8
8
Моя дочь Козима иронически посмеивается, когда я рассказываю ей о встречах с хорошими людьми. И ведь странно, что многие эти встречи происходили у нее на глазах.
— Ты ужасно восторженный! — говорит она. — Где ты их выкопал? Можно подумать, что мир кишит замечательными личностями!
— Вот именно — «выкопал». Это ты хорошо сказала. Разумеется, если ждать, что набредешь на сокровища, это может и не случиться. Но если искать неутомимо, с верой в душе, окажется, они лежат не так уж глубоко. А если и глубоко? Почему не пытаться добыть их? Но мы не замечаем и того, что близко.
— Я и забыла, что ты счастливчик, — говорит Козима с легким пренебрежением и горечью, заметной лишь для меня. — Тебе чертовски везло!
В этом она права. «Везло»! Разве это не подарок судьбы, что ко мне в Веймар приехал однажды, — нет, не приехал, а забрел не кто иной, как Ганс-Христиан Андерсен? Метель была страшная, и он порядочно промерз. Об этом можно было догадаться по его носу, но не по глазам. Они излучали такое тепло, что от этого даже в моей комнате стало уютнее. Козима не может не помнить этого — она сама открыла ему дверь.
Как всегда, у меня были гости, и среди них Иоганнес Брамс.
Портрет Андерсена был еще неизвестен. Наружность у него не такая, чтобы сразу признать в нем великого поэта. И заговорил он просто о совсем обыкновенных вещах: о погоде — брр, какой ветер! Но все мои гости переменились, притихли еще до того, как я представил им Андерсена. До его прихода они были в каком-то хмуром настроении, особенно Брамс. Он ни за что не хотел играть, несмотря на просьбы. А тут неожиданно, хотя уже просить давно перестали, он сам вызвался показать свои песни в народном духе. И играл и пел, а чудесный гость сидел в углу и улыбался. А Козима? Царь милостивый, что произошло с этой девчонкой? Она суетилась, сама принесла Андерсену шоколад и печенье, сама — о чудо! — осведомилась, не горячо ли, сладко ли… Я все это хорошо помню. И когда играл Брамс и другие, она смотрела не на Брамса и других, а на этого северного гостя и не сводила глаз с его лица, с его впалых щек…
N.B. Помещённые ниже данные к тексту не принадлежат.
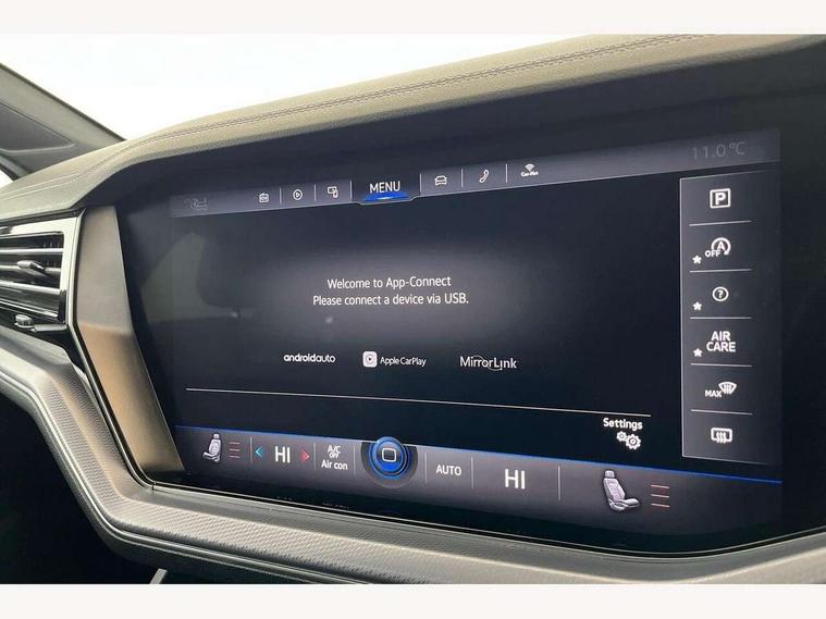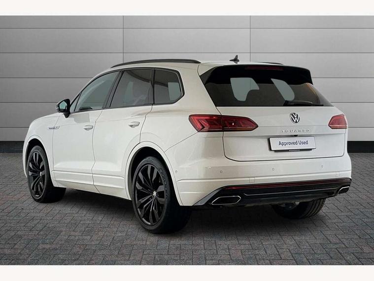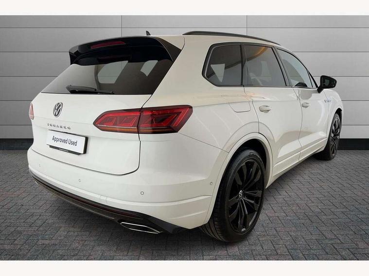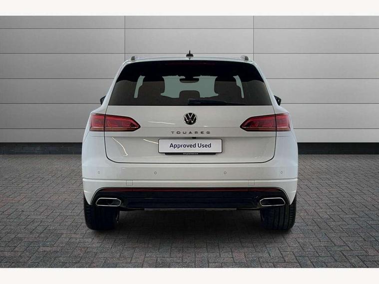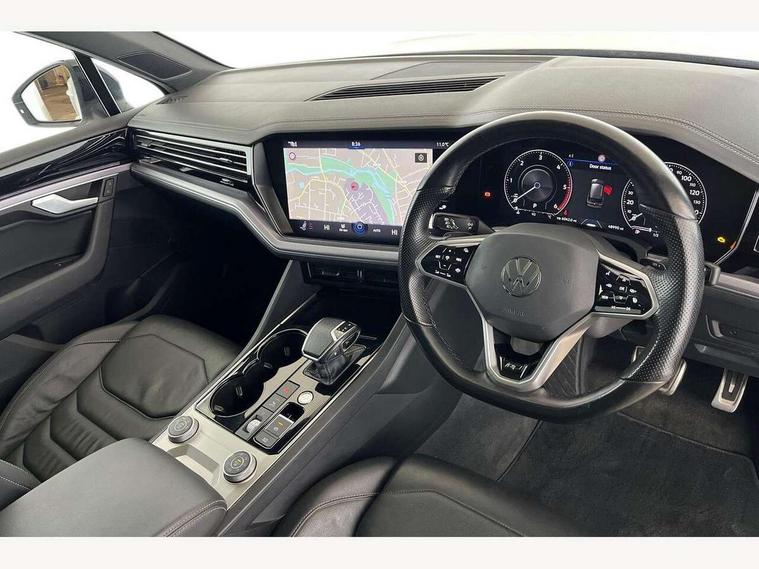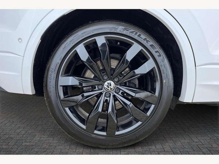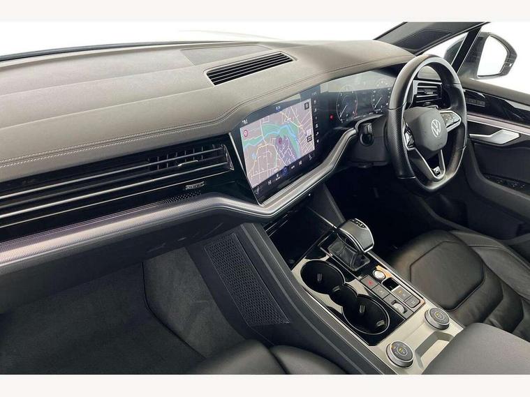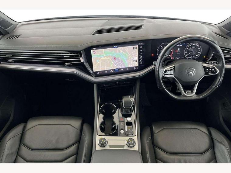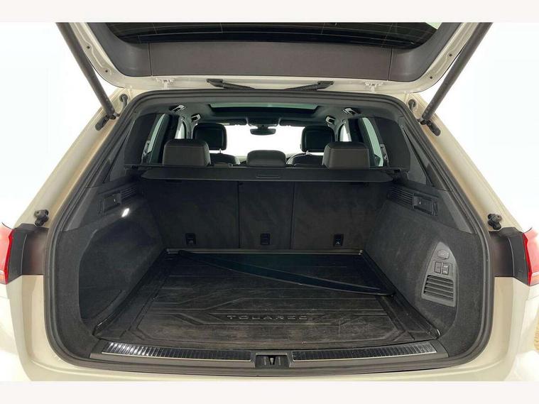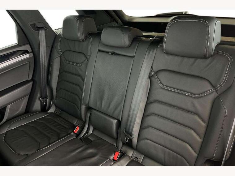 2D/3D map view, ACC - Adaptive cruise control with front assist, forward collision warning, distance monitoring, city emergency brake and speed limiter, Apple car play/Android Auto, Audible and visual fatigue detection system, Bluetooth hands free telephone connection, Car information display, Drive select with Damper control, Driver alert system, Dusk sensor, Dynamic road sign display camera controlled system with visual warning for traffic and road signs, eCall emergency system, Fully electric tailgate + keyless entry and start, Instrument cluster, MirrorLink, Multifunction camera with lane assist, Multifunction computer premium with 7" colour display, One touch indicators with repeat function, Service interval indicator, Speed sensitive power steering, Start/stop system with regenerative braking, Tailgate power latch, Think blue trainer driver tips and journey analysis, Traffic sign recognition, Voice control system, Wireless Smartphone charger, Torsen limited slip differential, DAB Digital radio, Dynamic navigation based on TMC+, Gesture control for infotainment system, Multi device interface (MDI) with illuminated USB-C connection, Music playback - MP3, WMA and AAC files, SD card slot, Simultaneous pairing of 2 compatible mobile devices, SMS functionality - read, compose and send SMS messages using touch-screen display, Title and cover art display, Volkswagen media control, Adaptive low beam for urban and motorway use, Auto dimming rear view mirror, Automatic coming/leaving home lighting function, Automatic headlights, Black anodised roof rails, Black door mirrors, Black rear diffuser, Black side window surrounds, Black upper and lower grille louvres extending into headlights and radiator grille, Body colour door handles, Body coloured wheel arches, C signature gloss black front air intake, Chromed tailpipe on the left and right integrated in the bumper with trapezoid design, Dynamic headlight range control, Electric front tilt/slide panoramic sunroof and fixed rear sunroof, Electrically power adjustable, heated, folding, auto dimming, front passenger exterior door mirror lowering function, Front and rear electric windows, Galvanised body, Gloss black finish B pillar, Gloss black rear diffuser, Headlight washers, Heat insulating glass in side and rear windows, Heated windscreen washer jets, IQ.Light-LED matrix headlight, daytime running light with dynamic cornering light and indicator, LED rear fog light, LED rear number plate lights, Plastic scuff plates in door apertures, Poor weather light, Puddle lights, Rain sensor, Rear wiper, 12V socket in front and rear centre console and boot, 2 Coat hooks on B pillar, 3 rear head restraints, 3 spoke sport heated leather multi-function sports steering wheel with gear shift paddles - generation 2, 4 way adjustable front head restraints, 4 way electric lumbar support for driver and front passenger, 4 zone climate control, 40:20:40 split folding slide/recline rear seat, B pillar vents, Black lower edge of door extending sills, Branded points of interest, Double sun visor for drivier and passenger with LED illuminated vanity mirrors, Electric luggage compartment cover, Folding rear centre armrest with 2 cupholders, Front + rear carpet mats, Front centre armrest with storage box, Gear shift indicator, Height/reach adjust steering wheel, Illuminated air conditioned glovebox, Isofix preparation for 2 rear child seats, Jack and tool kit, Leather trimmed gear knob with gloss black inlay/aluminum trim, Leatherette door trim, LED luggage compartment lighting, Load through provision, Luggage compartment with load lashing rings, Plastic loading edge protection, Rear seat remote release levers, Soul black headlining, Stainless steel pedals, Innovision cockpit pack - Touareg, R line styling pack - Touareg, 3 point front seatbelts with pre-tensioners, ABS, Active bonnet, Automatic post collision braking system, Curtain airbags, Driver/Front Passenger airbags, EBD + Brake Assist, EDL, Electronic parking brake with auto hold, ESC with ASR, Front seat side impact airbags, Hill descent control, Hill start assist, Passenger airbag deactivate switch, Seatbelt warning lamp and buzzer, Three 3 point rear seatbelts, Two tone horn, Volkswagen roadside assistance, Warning triangle and first aid kit, Alarm with interior monitoring in cab, backup horn and towing protection, Child security locks for front and rear doors, Electronic engine immobiliser, Remote central locking, Black decorative trims on the side windows, High gloss black centre console,

— Неужели ты забыла, Козима? Ты даже сейчас улыбаешься…
— Нет, я не забыла. Но я же говорю, что тебе очень везло.
Мне всегда казалось, что люди больше таят, чем обнаруживают. Вот почему я никогда не ограничивал свои знакомства определенным кругом. Мне претит кастовость музыкантов. Впрочем, даже в своем кругу мы бываем нетерпимы.
Я… ищу. Не довольствуясь тем, что мне присылают композиторы, я и сам стараюсь услыхать какую-нибудь новинку. Посещаю не только академические, но и садовые концерты, прислушиваюсь, не промелькнет ли новое имя. Тех, кто приходит ко мне, я приглашаю снова, потому что не всегда можно узнать человека с первого раза. Иногда он сам виноват в этом, а чаще — тот, к кому он обращается. Случай с молодым Вагнером всегда встает в моей памяти.
Некоторых я узнавал заочно — по их музыке. Потом удивлялся, что они оказывались не такими, как я представлял себе. Гуго Вольф, судя по его романсам, никак не мог быть юным, застенчивым мальчиком. Мне казалось, это человек, умудренный жизнью. И вот он явился — краснеющий, робкий, лет шестнадцати на вид.
Несоответствие между музыкой и внешним обликом, хотя и в другом роде, нашел я и у Цезаря Франка, и у Дворжака. И только один оказался совершенно таким, как его музыка.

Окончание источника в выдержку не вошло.